***** Data *****

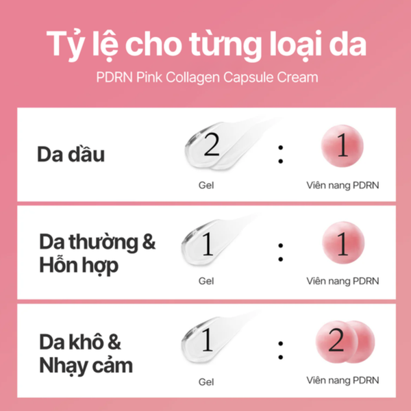 Giới thiệu giải pháp chăm sóc da mang tính cách mạng được thiết kế để chăm sóc làn da không đều màu và các đốm nâu, giúp da bạn sáng, rạng rỡ và đều màu. Loại kem tùy chỉnh này có công thức kết cấu kép độc đáo, kết hợp PDRN viên nang với gel trong suốt. Công nghệ đóng gói tiên tiến giúp duy trì hiệu quả làm săn chắc và dưỡng ẩm của DNA PDRN cá hồi cho đến khi thẩm thấu vào da để đạt được hiệu quả rạng rỡ căng bóng tối đa. Kem dưỡng ẩm dạng viên nang nhẹ cho làn da sáng và dưỡng ẩm.
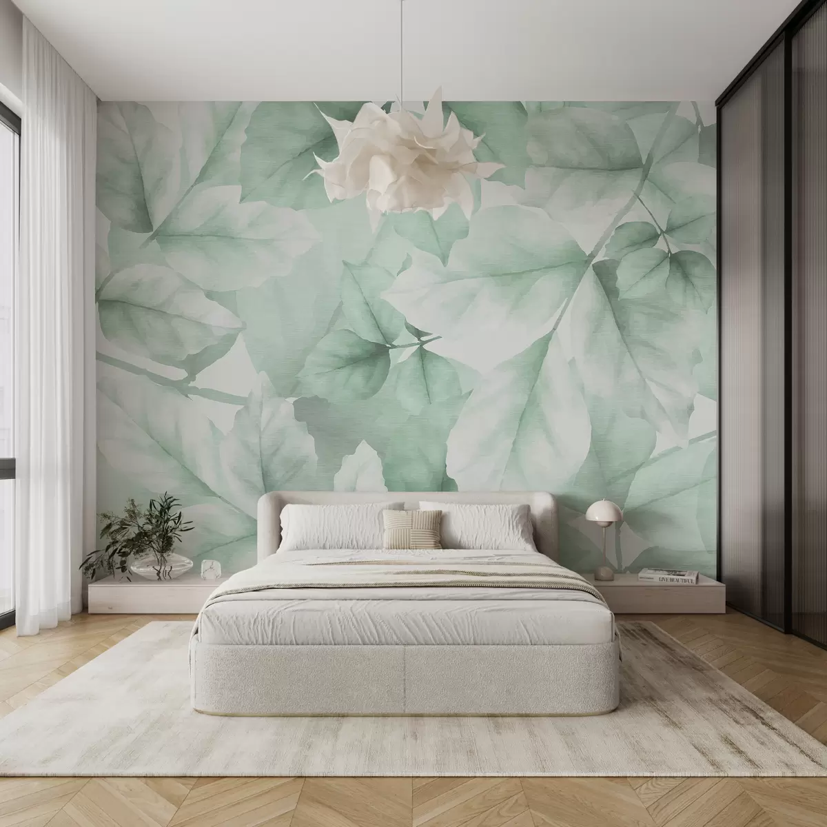 Fototapet Tapet texturat cu frunze mari în nuanțe pastelate de verde Nr. w01090v3
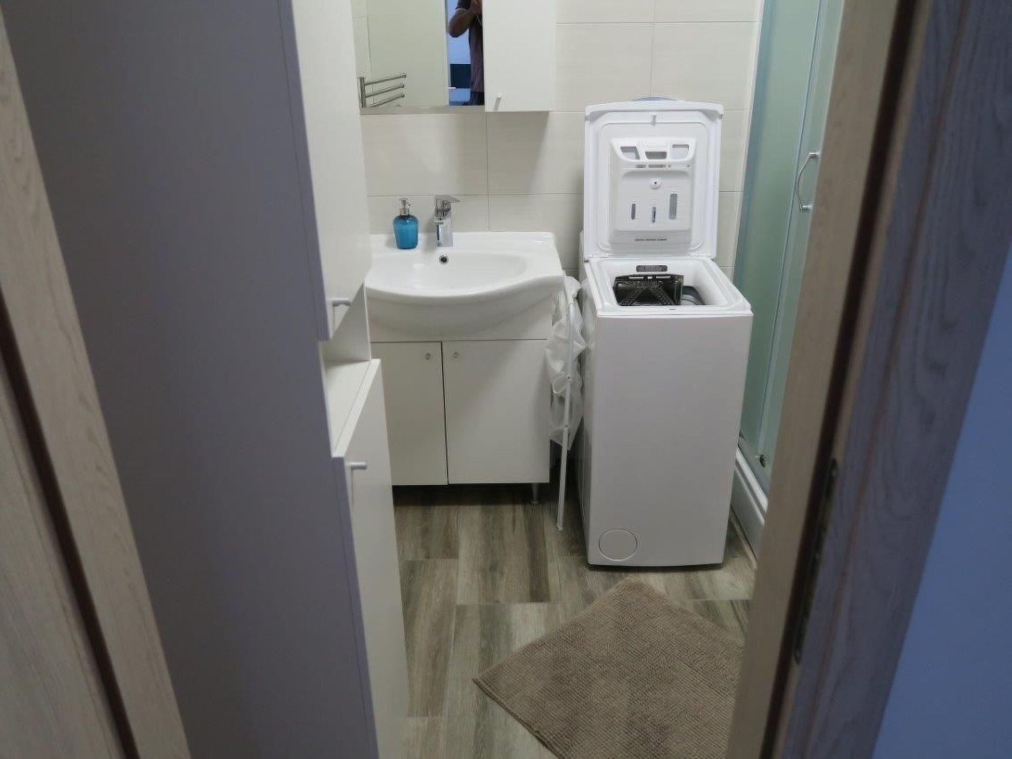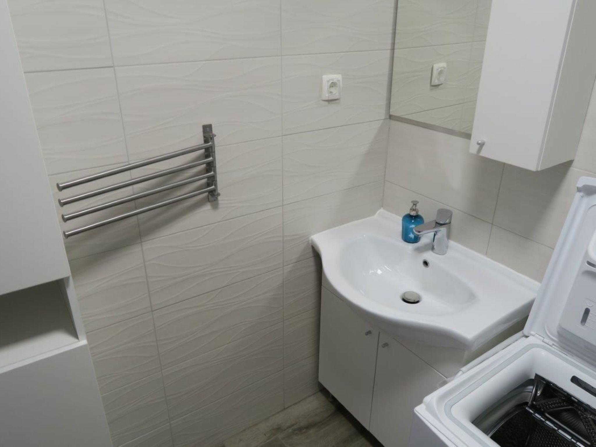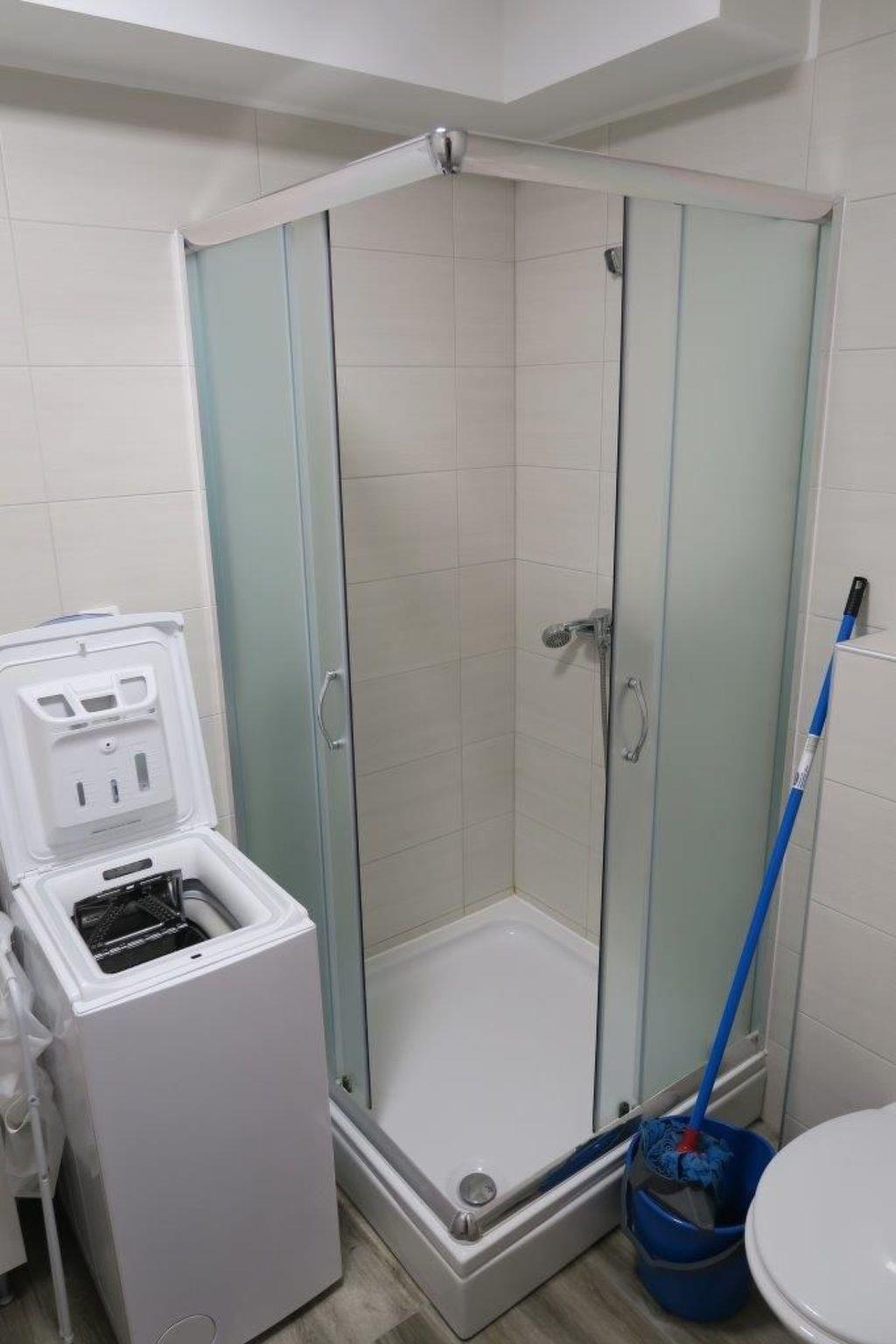 1 bathroom with a shower, WC, hairdryer and washbasin with a cupboard underneath and washingmachine. The apartment has a 1 big bedroom with a double bed (180 x 200cm) and cupboard. All the rooms in the apartment have air conditioning. Internet access is available in whole apartment.

*****

■ Action item ■
All of the data, minus its pictures, should be repeated exactly.

■ Exercise answer ■
 Giới thiệu giải pháp chăm sóc da mang tính cách mạng được thiết kế để chăm sóc làn da không đều màu và các đốm nâu, giúp da bạn sáng, rạng rỡ và đều màu. Loại kem tùy chỉnh này có công thức kết cấu kép độc đáo, kết hợp PDRN viên nang với gel trong suốt. Công nghệ đóng gói tiên tiến giúp duy trì hiệu quả làm săn chắc và dưỡng ẩm của DNA PDRN cá hồi cho đến khi thẩm thấu vào da để đạt được hiệu quả rạng rỡ căng bóng tối đa. Kem dưỡng ẩm dạng viên nang nhẹ cho làn da sáng và dưỡng ẩm.
 Fototapet Tapet texturat cu frunze mari în nuanțe pastelate de verde Nr. w01090v3
 1 bathroom with a shower, WC, hairdryer and washbasin with a cupboard underneath and washingmachine. The apartment has a 1 big bedroom with a double bed (180 x 200cm) and cupboard. All the rooms in the apartment have air conditioning. Internet access is available in whole apartment.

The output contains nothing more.